The law of distribution of a random variable is a ratio that establishes the relationship between the possible values of a random variable and the probabilities of their appearance in the test. There are three main distribution law of random variables: a number of probability distributions (for discrete random variables), distribution function, probability density.
Instruction
1
The distribution function (sometimes integral distribution law) is a universal law of distribution suitable for the probabilistic description of both discrete and continuous RV X (random variable X). Determined as a function of argument x (can be and its possible value X=x) equal to F(x)=P(X<x). That is, the probability that ST. X took a value less than the argument X.
2
Consider the problem of constructing F(x) of a discrete random variable X, given a probability number and is represented by the polygon distribution in figure 1. For simplicity, we will restrict ourselves to the 4 possible values.
3
When X≤x1 F(x)=0 because the event {X<x1} is the impossible event.When x1<X≤x2 F(x)=p1, because there is one more possibility to perform the inequality {X<x1}, namely, X=x1, which occurs with probability p1. Thus, (x1+0) occurred race F(x) from 0 to R. If x2<X≤x3 similarly F(x)=p1+p3, because here there were two possibilities of execution of the inequality X<x by X=x1 or X=x2. Because of the theorem about the probability of a sum of incompatible events, the probability of this is P1+P2. Hence (x2+0) F(x) has undergone the shift from p1 to P1+P2.Similarly, if x3<X≤x4 F(x)=p1+p2+p3.
4
At X = x4 F(x)=p1+p2+p3+p4=1 (normalization condition).
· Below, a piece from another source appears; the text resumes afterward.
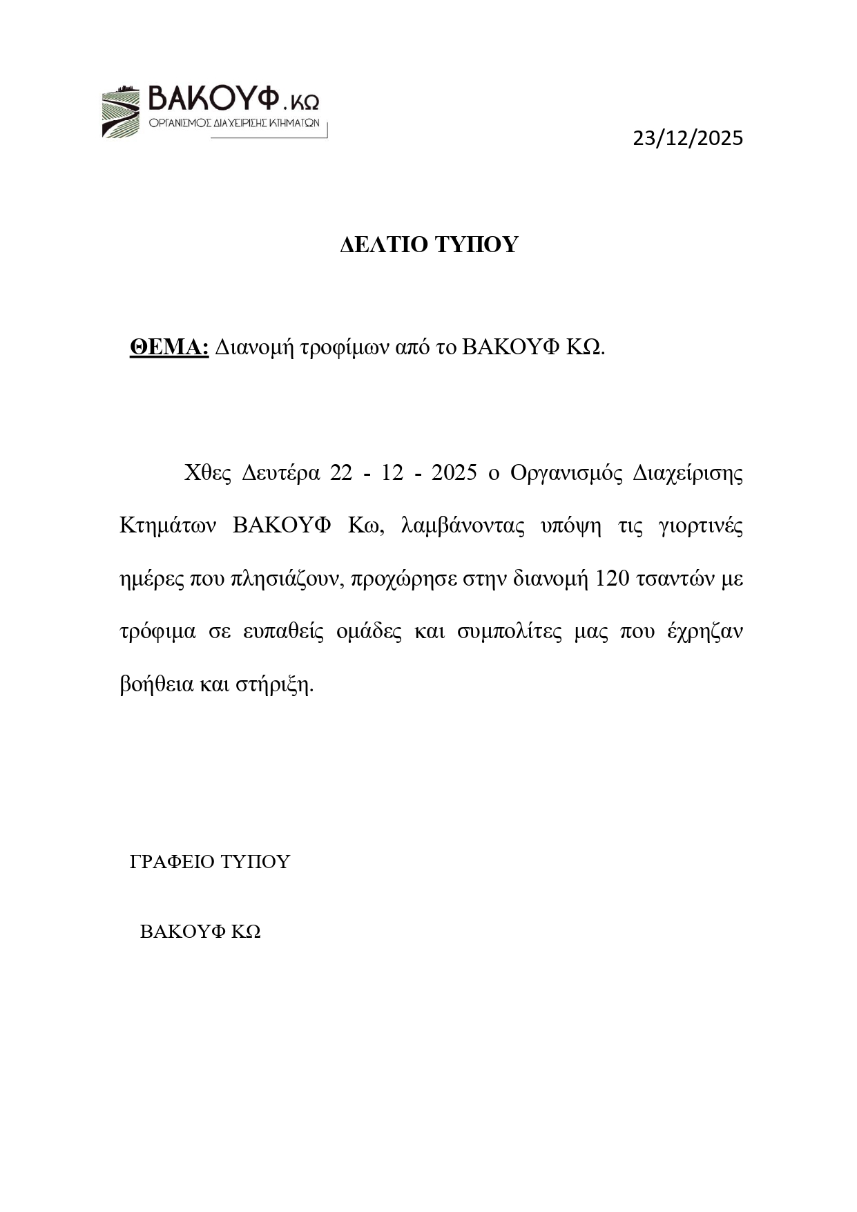 Ο Οργανισμός Διαχείρισης Κτημάτων Βακούφ Κω συνεστήθη με το Κυβ. Διάταγμα 12/2-5-1929 του Ιταλού Κυβερνήτη των νήσων του Αιγαίου, το οποίο διατηρήθηκε σε ισχύ και μετά την προσάρτηση της Δωδεκανήσου στο Ελληνικό Κράτος με την 19/29-4-1947 προκήρυξη του Στρατιωτικού Διοικητή Δωδεκανήσου…

Another explanation - in this case, the event {x<X} significantly, since all possible values of the random variable x is less than this (one of them should be taken in the SV experience required). Diagram is F(x) is shown in figure 2.
5
For discrete RV having n values, the number of "steps" on the graph of the distribution function will obviously be equal to n. For n tending to infinity, assuming that the discrete data points "completely" fill the entire number line (or its segment), we find that on the chart of the distribution function appears more and more steps, all of the smaller ("crawling", by the way, up), which in the limit go into a solid line that forms a graphic of distribution function of continuous random variable.
6
It is worth noting that a basic property of the distribution function: P(x1≤X<x2)=F(x2)-F(x1). So, if you want to build aggregation function F*(x) distribution (based on experimental data), then these probabilities should be frequency intervals pi*=ni/n (n is the total number of observations, ni is the number of observations in the i-th interval). Next use the methodology of constructing F(x) of a discrete random variable. The only difference is that the "steps" do not build, and connect (in series) points by straight lines. Must be non-decreasing broken. The tentative schedule is F*(x) is shown in figure 3.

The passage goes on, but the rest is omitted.